Бормотал укоризненно по немецки, крутя в руках гнутые шестерни и ломаные пружины.
К полудню, закрыв на дверях деревянную штору, поднимался к себе обедать.
Не сказать, чтобы обед был скромен и строг, но и излишеств себе не позволял Иван Авдеич.
Так...Щи, каши, пироги и чай. Редко когда одна рюмка малиновой наливки, для здоровья.
Засим, час дневного сна, который не только католику, а и приличному христианину не возбраняется.
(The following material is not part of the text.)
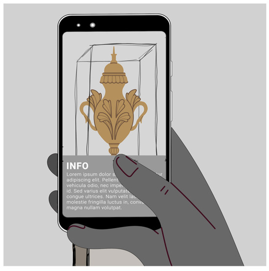 Perhaps the most essential interaction in AR involves users triggering the AR content by either scanning a target (e.g., printed material, the façade of a building, a physical exhibit, etc.) or reaching a specified location of interest. This aligns completely with the primary purpose of mobile guide applications in cultural heritage contexts, which aim to connect artifacts to informative and explanatory multimedia content [81]. In these cases, the “tricorder pattern” is implemented since the content is digitally anchored to real-world objects, shaping a blended view for users and thus facilitating a conceptual–semantic connection. AR 2D annotations, like text and images, have been extensively used in this design pattern [18,24,40,52,58,77]. When implemented in cultural exhibition settings, the “tricorder pattern” can deliver supplementary content that otherwise might be difficult to physically display, like 3D models [18,37]. Augmenting printed exhibition labels can also be a variant of this pattern [43]. Instead of superimposing text and images upon exhibit recognition, Paliokas et al. (2020) [56] implemented a side panel UI with explanatory text and images, while keeping the live camera feed unchanged. Videos can also be used with this AR pattern [63,67,74,75]. Although mostly used in smartphones, Schaper et al. (2018) [63], by following the “Window-on-the-World” interaction paradigm, utilized the “tricorder pattern” in a handheld pico-projector that superimposed videos onto the physical surroundings through projections. Lastly, Tian et al. (2023) [41] utilized 3D animations to artistically illustrate traditional Chinese poems for an AR experience in Jichang Garden, China.

Потом опять кофе, трубка, лавка.
И так жил он до вечера, когда приходило время ужина и покоя.
К темноте, Иван Авдеич, долго вздыхал, глубже натягивал на голую голову ночной колпак, печально откашливался и кхмыкал, забирался в кровать, и отходил ко сну.
В субботу же, не открывал лавку совсем, а ходил в свою немецкую церковь, что построена была по приказу матушки Елизаветы, для иноземцев.
Так жил немец Пересичный-Штолле...
День за днём.
Все по времени, все по часам.
Раз же в месяц, выезжал он в соседний город, к тамошнему пастору, для наладки хода больших часов с боем.
Для чего, за ним присылали хороший немецкий экипаж.
Соседом же часовщику-немцу, был отставной майор артиллерии, дворянин от службы, Невзгода Тарас Опанасович.
Человек степенный, тяжеловесящий.
Бывало ступает по крыльцу присутствия, а крыльцо жалобно скрыпит и вот-вот кажется лопнет.
Когда-то, у
Тараса Опанасовича было именьице, да дворни человек семь. Но разорился по судам, имение было отписано, а сам Тарас Опанасович подснял квартиру у полицмейстерской вдовы, Лукерьи Степановны Перебейченко.
Она же ему и обеды подавала, да и между нами говоря, кажется считала Тараса Опанасовича чем-то вроде своего старинного приятеля. Не сказать бы больше.
Вёл Невзгода жизнь скучную, как казалось бы обывателю.
Ходил в суды, писал долгие и пространные бумаги с жалобами.
Сводил накоротке знакомства с мелким чиновным людом.
Да что я вам рассказываю? Всяк его в городе нашем знавал. Заметный был человек.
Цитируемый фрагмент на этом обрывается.